For handling the activations efficently, I’m using 26 Fenwick Trees. To avoid overhead, I don’t create 26 trees per diagonal; instead, I initialize them once at the start, keeping the overall complexity at: O(n^2\log{n}+26n).

I don’t think posting my code is necessary here. The issue is more about the algorithmic idea than the implementation details, I think.

Thanks in advance for the help .

Benq · August 26, 2025, 2:24am

Actually, I’m pretty sure that’s the intended complexity, but the time limit for this problem is really tight …
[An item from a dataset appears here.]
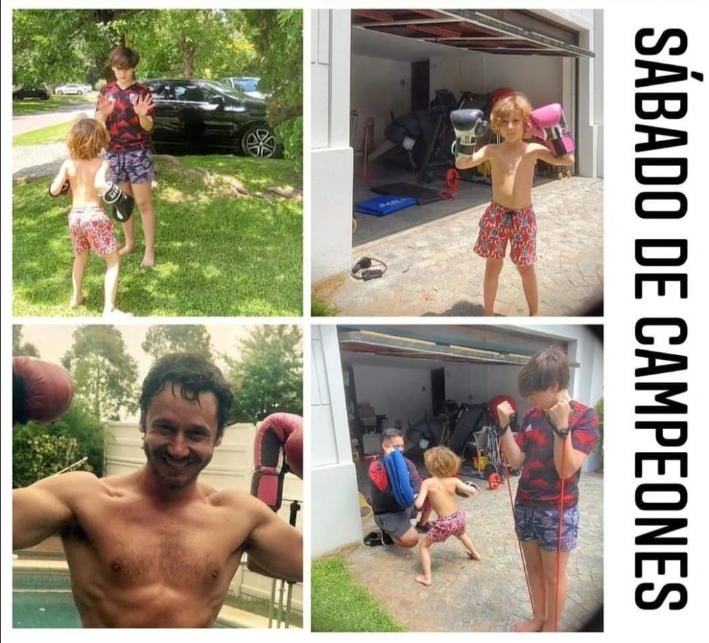 A través de sus historias en Instagram mostró a sus seguidores cómo arrancó su finde largo junto a sus hijos Beltrán, Benicio y Bautista. “Sábado de campeones”, escribió junto a las divertidas fotos de ellos entrenando.

Here’s my implementation in O(n^2\log n) (0.86s): CSES - Shared code

Not all of the optimizations I made were necessary. I think the most important optimization was copying these values to a temporary array before using them.

FOR(x, L, R + 1) {
	int y = x + diff;
	tmp_c[x] = grid[x][y] - 'A';
	tmp_u[x] = min(u[x][y], r[x][y]);
	tmp_d[x] = min(d[x][y], l[x][y]);
}

Honestly, I’m not 100% sure why this helped, but here was what I was thinking. Basically, I was trying to make sure that all the arrays I was working with in the part of the code after this loop were mostly contiguous and fit into L2 cache (~256KB). This reduces the number of cache misses, which can significantly slow down the program.

Joacru · August 26, 2025, 5:00am

Thanks for reply!

I tried my best, but I’m still getting TLE.
However, with some optimizations, I managed to pass testcases 1, 2, and 4.

The optimization recommended by you.

for(int x=-n+1;x<n;x++){
	int limit=n-abs(x);
	for(int i=x<0?-x:0, j=x<0?0:x, y=0; y<limit; i++,j++,y++){
		h[y]=grid[i][j]-'A';
		f[y]=min(d[i][j],r[i][j]);
		g[y]=min(u[i][j],l[i][j]);
	}
	...

Maintain the number of active vertices, so I avoid a range query in the Fenwick Tree and only have to subtract what my current cell does not reach.

	for(int y=0; y<limit; y++){
		short c=h[y];
		add(c,y,+1);
		on[c]++;
		es[y+f[y]-1].push_back(c<<15|y);	
		ans[c]+=on[c]-get(c,y-g[y]);
		...

Save deactivations with a single integer. I’m not sure if this makes a difference.

		for(auto &e: es[y]){
			add(e>>15,e&((1<<15)-1),-1);
			on[e>>15]--;
		}
		es[y].clear();
	}
}

I don’t really know how to continue, but I feel like I’m pretty close. My last submission.

I saw that you don’t use 26 Fenwick Trees, but I don’t quite understand that approach.